> _EXERCISE DETAILS_
Which lines of the records below contain the word "that"? Report each of them in full.
------ SUPPLIED RECORDS
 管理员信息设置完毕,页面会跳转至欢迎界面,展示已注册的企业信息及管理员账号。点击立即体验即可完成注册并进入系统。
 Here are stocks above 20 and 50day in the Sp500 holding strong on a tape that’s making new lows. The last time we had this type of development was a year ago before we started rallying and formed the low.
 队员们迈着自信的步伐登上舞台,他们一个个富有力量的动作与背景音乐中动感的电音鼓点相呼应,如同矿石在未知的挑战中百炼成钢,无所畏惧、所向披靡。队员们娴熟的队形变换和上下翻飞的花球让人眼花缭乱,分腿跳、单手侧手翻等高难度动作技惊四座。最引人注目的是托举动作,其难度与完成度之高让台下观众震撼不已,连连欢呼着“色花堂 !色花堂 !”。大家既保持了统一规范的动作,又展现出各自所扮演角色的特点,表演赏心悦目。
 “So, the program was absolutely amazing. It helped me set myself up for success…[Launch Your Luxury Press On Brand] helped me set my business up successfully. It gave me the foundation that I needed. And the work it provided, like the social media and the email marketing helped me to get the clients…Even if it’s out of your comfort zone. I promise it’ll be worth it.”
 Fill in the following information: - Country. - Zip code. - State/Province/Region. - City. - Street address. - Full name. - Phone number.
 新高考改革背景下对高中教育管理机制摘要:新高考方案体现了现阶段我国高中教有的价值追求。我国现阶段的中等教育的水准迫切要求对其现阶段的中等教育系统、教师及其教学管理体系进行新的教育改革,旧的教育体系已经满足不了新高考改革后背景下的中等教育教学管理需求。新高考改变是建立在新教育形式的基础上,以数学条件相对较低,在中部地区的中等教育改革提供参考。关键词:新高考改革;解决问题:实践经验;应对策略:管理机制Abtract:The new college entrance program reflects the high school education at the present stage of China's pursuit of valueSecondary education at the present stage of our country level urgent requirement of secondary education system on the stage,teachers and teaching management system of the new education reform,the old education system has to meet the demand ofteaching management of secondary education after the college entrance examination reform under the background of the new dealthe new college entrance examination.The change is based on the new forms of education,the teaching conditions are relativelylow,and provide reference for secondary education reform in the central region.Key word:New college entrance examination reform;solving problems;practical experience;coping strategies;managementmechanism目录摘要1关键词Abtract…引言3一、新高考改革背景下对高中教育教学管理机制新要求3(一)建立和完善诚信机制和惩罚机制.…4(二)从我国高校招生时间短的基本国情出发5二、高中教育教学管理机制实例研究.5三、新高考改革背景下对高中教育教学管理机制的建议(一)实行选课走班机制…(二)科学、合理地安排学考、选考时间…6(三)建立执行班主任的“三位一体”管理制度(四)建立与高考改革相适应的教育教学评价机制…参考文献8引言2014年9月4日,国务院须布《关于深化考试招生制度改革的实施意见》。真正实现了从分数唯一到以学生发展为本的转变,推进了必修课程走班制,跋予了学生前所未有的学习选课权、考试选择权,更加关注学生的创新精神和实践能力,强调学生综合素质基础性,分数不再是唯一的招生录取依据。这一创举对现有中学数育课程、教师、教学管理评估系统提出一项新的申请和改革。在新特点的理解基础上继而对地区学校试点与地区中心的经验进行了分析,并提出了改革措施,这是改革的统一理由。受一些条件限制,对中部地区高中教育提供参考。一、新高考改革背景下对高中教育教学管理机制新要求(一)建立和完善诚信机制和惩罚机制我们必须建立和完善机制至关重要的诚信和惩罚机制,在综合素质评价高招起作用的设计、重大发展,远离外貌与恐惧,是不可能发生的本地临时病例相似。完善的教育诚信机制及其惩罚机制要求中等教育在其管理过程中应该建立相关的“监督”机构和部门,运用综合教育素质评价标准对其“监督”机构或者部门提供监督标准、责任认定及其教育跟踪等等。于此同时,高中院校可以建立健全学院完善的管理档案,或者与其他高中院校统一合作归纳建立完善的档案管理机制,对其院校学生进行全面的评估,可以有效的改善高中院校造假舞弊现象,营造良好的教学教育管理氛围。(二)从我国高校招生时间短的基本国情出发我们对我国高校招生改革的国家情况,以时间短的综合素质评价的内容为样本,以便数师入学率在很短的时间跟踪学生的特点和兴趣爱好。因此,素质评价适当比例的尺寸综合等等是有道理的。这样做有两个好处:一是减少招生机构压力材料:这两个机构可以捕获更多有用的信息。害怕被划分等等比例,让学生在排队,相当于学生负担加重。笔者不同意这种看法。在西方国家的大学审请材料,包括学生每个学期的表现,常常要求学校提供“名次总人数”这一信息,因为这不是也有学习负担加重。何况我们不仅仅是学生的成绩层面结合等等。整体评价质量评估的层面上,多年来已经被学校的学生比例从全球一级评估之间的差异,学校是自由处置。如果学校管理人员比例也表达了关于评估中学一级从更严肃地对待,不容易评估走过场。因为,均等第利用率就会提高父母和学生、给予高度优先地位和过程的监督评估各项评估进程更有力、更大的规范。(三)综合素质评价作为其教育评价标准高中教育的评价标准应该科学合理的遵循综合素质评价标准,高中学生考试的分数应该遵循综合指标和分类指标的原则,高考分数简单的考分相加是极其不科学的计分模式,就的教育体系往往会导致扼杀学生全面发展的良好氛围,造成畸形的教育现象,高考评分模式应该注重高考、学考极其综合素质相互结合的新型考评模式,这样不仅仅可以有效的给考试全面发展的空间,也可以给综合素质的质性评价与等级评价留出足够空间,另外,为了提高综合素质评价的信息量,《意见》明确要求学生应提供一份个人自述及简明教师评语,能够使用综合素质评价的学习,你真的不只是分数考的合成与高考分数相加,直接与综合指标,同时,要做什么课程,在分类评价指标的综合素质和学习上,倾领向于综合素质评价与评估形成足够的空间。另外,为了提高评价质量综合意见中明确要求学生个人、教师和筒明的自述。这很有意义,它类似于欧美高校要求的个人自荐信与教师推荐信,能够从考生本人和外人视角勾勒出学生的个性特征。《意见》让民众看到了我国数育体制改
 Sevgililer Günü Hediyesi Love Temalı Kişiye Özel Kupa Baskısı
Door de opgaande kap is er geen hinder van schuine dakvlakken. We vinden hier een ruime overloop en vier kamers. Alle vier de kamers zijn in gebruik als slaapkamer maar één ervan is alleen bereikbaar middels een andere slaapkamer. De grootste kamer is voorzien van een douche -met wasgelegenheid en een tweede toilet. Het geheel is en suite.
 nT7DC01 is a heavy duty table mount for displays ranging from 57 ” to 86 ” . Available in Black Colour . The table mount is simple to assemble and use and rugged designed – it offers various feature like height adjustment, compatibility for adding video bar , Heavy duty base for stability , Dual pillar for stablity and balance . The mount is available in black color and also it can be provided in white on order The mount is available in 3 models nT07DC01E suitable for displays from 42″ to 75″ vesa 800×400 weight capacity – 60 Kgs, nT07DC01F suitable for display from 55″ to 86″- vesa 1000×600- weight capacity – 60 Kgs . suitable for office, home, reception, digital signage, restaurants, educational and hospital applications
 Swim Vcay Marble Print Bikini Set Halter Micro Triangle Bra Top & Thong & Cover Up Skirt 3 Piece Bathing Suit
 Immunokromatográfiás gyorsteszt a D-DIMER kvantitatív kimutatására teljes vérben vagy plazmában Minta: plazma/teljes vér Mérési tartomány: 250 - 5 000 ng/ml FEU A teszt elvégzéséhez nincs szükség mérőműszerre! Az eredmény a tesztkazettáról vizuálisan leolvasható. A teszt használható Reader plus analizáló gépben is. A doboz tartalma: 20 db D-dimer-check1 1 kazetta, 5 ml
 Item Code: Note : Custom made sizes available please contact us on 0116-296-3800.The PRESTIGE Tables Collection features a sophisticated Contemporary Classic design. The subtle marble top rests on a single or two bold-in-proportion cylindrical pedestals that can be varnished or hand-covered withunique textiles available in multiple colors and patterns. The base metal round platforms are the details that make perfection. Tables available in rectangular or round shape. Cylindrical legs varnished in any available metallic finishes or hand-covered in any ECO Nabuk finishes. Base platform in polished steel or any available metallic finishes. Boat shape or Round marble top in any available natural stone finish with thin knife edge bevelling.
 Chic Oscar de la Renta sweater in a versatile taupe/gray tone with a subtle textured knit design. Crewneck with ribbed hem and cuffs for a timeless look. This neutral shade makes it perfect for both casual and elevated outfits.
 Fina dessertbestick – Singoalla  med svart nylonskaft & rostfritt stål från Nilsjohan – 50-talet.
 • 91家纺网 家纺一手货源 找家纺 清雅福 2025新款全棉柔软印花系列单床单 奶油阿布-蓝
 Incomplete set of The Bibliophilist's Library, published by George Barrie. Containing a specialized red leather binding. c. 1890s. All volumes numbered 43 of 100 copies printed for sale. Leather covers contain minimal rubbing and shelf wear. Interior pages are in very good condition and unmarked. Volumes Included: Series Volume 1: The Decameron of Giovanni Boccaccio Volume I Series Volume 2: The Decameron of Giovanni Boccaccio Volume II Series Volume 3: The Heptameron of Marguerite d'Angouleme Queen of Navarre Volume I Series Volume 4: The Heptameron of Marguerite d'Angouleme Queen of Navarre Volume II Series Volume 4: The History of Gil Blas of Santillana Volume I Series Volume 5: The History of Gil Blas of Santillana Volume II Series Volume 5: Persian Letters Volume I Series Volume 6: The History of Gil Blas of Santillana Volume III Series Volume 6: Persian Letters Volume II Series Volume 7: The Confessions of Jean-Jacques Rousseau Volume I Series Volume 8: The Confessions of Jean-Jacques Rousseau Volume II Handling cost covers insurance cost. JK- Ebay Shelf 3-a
------------
> _RESULT OF THE EXERCISE_
 Here are stocks above 20 and 50day in the Sp500 holding strong on a tape that’s making new lows. The last time we had this type of development was a year ago before we started rallying and formed the low.
 “So, the program was absolutely amazing. It helped me set myself up for success…[Launch Your Luxury Press On Brand] helped me set my business up successfully. It gave me the foundation that I needed. And the work it provided, like the social media and the email marketing helped me to get the clients…Even if it’s out of your comfort zone. I promise it’ll be worth it.”
 Item Code: Note : Custom made sizes available please contact us on 0116-296-3800.The PRESTIGE Tables Collection features a sophisticated Contemporary Classic design. The subtle marble top rests on a single or two bold-in-proportion cylindrical pedestals that can be varnished or hand-covered withunique textiles available in multiple colors and patterns. The base metal round platforms are the details that make perfection. Tables available in rectangular or round shape. Cylindrical legs varnished in any available metallic finishes or hand-covered in any ECO Nabuk finishes. Base platform in polished steel or any available metallic finishes. Boat shape or Round marble top in any available natural stone finish with thin knife edge bevelling.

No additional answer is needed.